● WHAT YOU HAVE TO DO:
Whenever a line of the records below contains the word "Steel", copy that line.

═══ DATA PROVIDED ═══

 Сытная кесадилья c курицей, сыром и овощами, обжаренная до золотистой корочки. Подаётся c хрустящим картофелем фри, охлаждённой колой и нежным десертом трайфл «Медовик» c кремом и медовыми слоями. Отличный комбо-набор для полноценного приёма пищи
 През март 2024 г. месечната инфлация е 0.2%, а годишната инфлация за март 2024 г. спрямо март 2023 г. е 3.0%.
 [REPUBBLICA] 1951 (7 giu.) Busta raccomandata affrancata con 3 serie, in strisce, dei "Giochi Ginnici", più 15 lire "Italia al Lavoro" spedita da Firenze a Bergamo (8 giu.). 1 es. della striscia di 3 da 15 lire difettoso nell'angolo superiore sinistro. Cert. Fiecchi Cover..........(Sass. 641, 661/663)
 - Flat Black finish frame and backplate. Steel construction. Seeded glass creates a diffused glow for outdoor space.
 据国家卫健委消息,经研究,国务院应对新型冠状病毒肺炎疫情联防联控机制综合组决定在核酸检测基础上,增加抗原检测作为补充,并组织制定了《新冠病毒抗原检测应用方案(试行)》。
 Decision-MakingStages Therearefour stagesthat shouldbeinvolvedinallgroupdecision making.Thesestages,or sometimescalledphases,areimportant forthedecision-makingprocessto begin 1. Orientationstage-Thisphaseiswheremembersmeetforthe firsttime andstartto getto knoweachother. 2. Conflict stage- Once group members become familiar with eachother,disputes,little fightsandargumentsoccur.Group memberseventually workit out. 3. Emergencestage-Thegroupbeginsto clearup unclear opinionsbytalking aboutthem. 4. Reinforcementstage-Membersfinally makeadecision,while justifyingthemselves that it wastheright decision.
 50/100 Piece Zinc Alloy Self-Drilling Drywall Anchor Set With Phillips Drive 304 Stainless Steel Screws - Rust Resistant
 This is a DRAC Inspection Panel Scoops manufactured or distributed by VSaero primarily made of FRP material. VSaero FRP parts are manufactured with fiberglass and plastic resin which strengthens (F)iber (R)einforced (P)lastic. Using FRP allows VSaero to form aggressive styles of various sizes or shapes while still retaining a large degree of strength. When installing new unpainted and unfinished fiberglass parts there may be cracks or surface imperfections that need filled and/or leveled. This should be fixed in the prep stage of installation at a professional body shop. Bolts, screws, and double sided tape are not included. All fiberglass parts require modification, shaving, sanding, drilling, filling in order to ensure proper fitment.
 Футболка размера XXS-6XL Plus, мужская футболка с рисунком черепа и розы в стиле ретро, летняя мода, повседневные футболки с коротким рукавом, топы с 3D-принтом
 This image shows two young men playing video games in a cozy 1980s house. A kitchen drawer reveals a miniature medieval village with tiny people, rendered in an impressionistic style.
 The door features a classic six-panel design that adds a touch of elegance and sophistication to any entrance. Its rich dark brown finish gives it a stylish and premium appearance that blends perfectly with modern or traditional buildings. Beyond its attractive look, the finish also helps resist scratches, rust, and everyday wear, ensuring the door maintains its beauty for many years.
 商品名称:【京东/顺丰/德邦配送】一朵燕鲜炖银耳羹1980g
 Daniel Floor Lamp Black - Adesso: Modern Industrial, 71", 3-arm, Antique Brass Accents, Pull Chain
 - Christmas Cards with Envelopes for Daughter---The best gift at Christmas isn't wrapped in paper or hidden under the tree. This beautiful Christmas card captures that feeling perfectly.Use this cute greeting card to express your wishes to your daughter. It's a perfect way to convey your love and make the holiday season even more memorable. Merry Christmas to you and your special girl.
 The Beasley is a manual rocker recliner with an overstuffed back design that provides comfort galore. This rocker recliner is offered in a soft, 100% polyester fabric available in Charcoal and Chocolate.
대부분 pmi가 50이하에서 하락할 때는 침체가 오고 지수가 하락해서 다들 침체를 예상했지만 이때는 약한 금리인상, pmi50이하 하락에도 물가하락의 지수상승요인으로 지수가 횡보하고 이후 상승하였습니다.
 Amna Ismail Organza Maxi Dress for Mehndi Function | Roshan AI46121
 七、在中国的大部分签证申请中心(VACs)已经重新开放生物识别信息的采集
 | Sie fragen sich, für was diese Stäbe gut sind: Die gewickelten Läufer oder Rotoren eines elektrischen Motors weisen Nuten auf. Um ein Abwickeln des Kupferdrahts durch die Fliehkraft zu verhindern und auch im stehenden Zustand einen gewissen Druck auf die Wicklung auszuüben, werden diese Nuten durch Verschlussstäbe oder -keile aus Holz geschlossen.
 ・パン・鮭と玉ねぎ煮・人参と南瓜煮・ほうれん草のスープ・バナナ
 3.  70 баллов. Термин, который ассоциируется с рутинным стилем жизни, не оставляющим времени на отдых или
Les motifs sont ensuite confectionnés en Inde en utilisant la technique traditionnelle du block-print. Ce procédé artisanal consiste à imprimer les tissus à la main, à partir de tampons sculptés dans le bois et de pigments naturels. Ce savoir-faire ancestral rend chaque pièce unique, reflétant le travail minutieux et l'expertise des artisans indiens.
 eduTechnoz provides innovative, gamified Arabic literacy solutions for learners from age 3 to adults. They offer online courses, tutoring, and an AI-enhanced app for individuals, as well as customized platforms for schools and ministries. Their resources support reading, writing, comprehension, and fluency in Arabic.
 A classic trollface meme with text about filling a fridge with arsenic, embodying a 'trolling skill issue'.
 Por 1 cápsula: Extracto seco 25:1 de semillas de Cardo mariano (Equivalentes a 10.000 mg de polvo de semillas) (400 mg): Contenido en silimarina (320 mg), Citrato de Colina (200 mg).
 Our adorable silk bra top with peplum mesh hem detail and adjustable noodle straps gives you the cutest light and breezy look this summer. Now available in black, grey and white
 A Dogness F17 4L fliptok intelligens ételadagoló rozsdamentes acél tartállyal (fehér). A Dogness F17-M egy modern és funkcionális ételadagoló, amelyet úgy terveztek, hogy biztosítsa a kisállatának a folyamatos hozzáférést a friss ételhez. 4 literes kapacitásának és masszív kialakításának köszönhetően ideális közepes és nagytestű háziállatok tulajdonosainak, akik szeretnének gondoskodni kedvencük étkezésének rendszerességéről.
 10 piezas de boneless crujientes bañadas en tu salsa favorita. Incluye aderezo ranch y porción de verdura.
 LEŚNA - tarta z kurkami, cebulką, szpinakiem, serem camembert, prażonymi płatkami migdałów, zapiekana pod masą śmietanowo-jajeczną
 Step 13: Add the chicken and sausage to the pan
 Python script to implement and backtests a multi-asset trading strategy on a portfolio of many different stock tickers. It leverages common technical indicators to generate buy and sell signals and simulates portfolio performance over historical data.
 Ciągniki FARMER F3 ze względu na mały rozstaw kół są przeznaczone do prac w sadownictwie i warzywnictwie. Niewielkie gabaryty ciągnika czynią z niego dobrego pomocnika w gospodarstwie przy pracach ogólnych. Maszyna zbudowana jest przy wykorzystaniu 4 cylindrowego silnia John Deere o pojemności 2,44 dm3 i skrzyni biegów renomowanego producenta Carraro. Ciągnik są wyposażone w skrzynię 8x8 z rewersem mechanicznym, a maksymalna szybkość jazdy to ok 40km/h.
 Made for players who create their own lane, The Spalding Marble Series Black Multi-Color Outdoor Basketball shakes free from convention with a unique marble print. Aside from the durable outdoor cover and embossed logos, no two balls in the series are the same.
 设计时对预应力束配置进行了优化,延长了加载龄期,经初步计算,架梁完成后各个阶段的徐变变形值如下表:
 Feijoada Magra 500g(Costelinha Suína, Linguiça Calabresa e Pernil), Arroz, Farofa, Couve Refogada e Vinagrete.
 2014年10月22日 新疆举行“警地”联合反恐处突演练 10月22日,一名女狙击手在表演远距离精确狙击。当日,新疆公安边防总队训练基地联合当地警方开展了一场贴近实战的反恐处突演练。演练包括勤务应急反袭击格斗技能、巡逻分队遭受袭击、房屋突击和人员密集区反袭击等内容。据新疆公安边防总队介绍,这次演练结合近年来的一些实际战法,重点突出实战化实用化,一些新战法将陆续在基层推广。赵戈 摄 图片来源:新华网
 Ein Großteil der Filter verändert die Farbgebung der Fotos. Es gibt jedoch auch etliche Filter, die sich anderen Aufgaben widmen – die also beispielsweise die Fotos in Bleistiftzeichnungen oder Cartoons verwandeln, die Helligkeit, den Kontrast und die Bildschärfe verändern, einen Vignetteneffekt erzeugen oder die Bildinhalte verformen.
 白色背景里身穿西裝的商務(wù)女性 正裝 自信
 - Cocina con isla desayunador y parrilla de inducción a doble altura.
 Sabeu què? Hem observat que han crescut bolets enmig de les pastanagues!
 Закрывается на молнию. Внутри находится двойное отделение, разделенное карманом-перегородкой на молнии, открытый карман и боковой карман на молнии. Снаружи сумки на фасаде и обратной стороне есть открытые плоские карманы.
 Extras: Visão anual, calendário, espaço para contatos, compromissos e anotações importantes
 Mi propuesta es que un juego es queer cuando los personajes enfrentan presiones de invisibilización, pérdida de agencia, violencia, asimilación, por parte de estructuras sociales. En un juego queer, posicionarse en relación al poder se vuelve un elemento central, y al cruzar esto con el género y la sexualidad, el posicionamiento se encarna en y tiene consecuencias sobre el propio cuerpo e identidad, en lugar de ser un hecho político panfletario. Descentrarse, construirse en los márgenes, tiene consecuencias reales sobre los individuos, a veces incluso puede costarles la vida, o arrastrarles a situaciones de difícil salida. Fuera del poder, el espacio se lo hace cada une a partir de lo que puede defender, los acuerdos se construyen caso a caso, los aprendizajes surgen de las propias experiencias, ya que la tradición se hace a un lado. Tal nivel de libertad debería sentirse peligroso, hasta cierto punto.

═══

● REPLY:
 - Flat Black finish frame and backplate. Steel construction. Seeded glass creates a diffused glow for outdoor space.
 50/100 Piece Zinc Alloy Self-Drilling Drywall Anchor Set With Phillips Drive 304 Stainless Steel Screws - Rust Resistant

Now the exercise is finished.